In the GPCM, each response category (c) is compared to the response category below and a common slope parameter is assumed for all response categories within one item. The model has a number of item category threshold parameters, b ic , (one less that the number of response categories). The GPCM is in fact a constrained version of the NCM (where a ic (in the NCM) = a i *c (in the GPCM) and g ic (in the NCM) = a i *c*b ic (in the GPCM)). This restriction reflects the assumption of rank ordered response categories made in the GPCM. If the model is further constrained by assuming a common slope parameter across all items, we achieve the PCM, which is part of the Rasch model family [2]. The slope parameter can either be constrained to 1 or have a common value different from 1 (see discussion later in this paper). If they fit the data, the Rasch models have unique advantages in terms of simplicity of interpretation and robust estimation techniques (see [2] for detailed discussion). However, many items will not fulfill the assumption of common discrimination.
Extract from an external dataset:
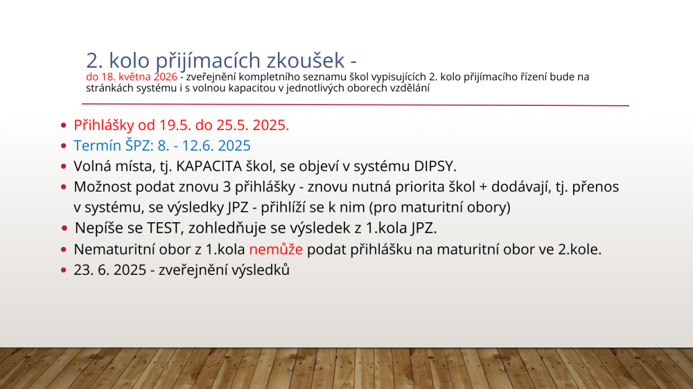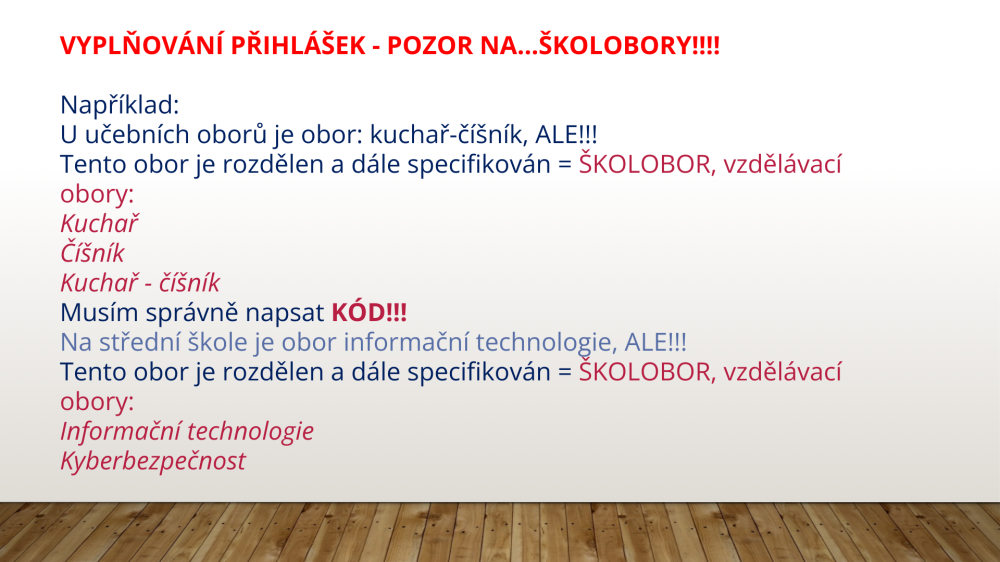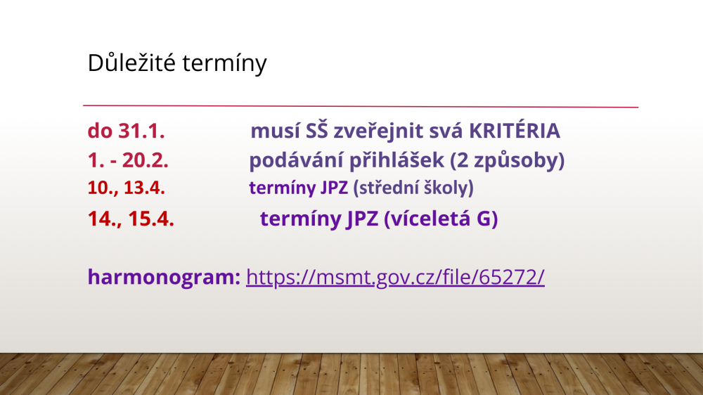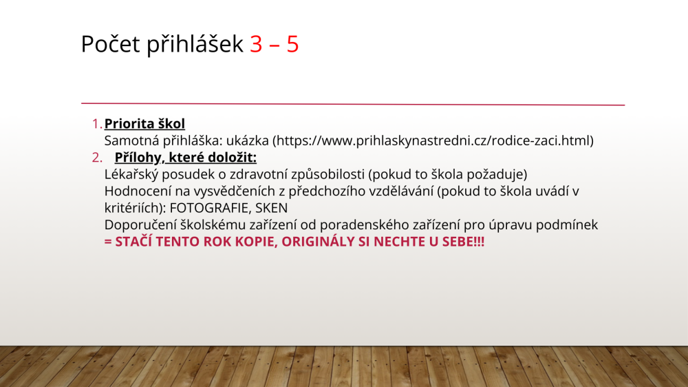 Informace k podávání přihlášek na střední školy

The item category threshold parameter, b ic , of the PCM can be split into two terms \({(b_{ic}=l_{i}- d_{ic})}\) , where l i is termed a location parameter and d ic is called the item category parameter. If the item category parameters are constrained to be equal across items d ic  = d c , another Rasch family model, the RSM, is obtained. In statistical terms, the RSM is nested within the PCM, which is nested within the GPCM, which is nested within the NCM.

An alternative model is the GRM. As shown in Table 1 the GRM compares the probability of being in a certain response category or higher with the probability of being below that category. Except for this difference in the definition of the comparison of probabilities, the model is similar to the generalized partial model. Thus, the models have the same number of item parameters and both assume rank ordered response categories. An item that fits one of these models will usually also fit the other model well enough for practical use [19]. Finally, the GRM is very similar to the modern factor analytic models for analysis of categorical data [20, 21].

Figure 1 illustrates the GPCM [9] for three items concerning mental health (the three upper plots—full lines). In the upper plots, each full curved line (called item category response functions or option characteristic curves) represents the model’s prediction of the probability of choosing each of the item response categories for various levels of mental health (\({P(X_{ij}=c\vert \theta _{j})}\)). The horizontal (x-) axis is the mental health IRT score, “normed” so that the average adult in the USA has a score of 50 and a positive score indicates better mental health. At a score of 50, the most likely response on SF8MH (... how much have you been bothered by emotional problems...) is slightly (probability = .61), the most likely response on MHP01 (... how much of the time have you been a happy person) is most of the time (probability = .69) and the most likely response on MHC01 (... felt so down in the dumps that nothing could cheer you up) is none of the time (probability = .83). For the first item (SF8MH) we also estimated the GRM and plotted the item category response function for this model (broken lines). While not identical, the lines for the GRM are close to the lines for the GPCM.

Fig. 1
figure 1

Item category response functions and item information functions for three items on mental health. Full lines describe the GPCM, broken lines the GRM

In the GPCM, the item category threshold parameters can be directly identified from these graphs as the point of intersection of adjacent category response functions. While the slope parameter cannot be directly identified from the graph, Fig. 1 conveys the sense that item 3 has higher slope than item 2, which has higher slope than item 1.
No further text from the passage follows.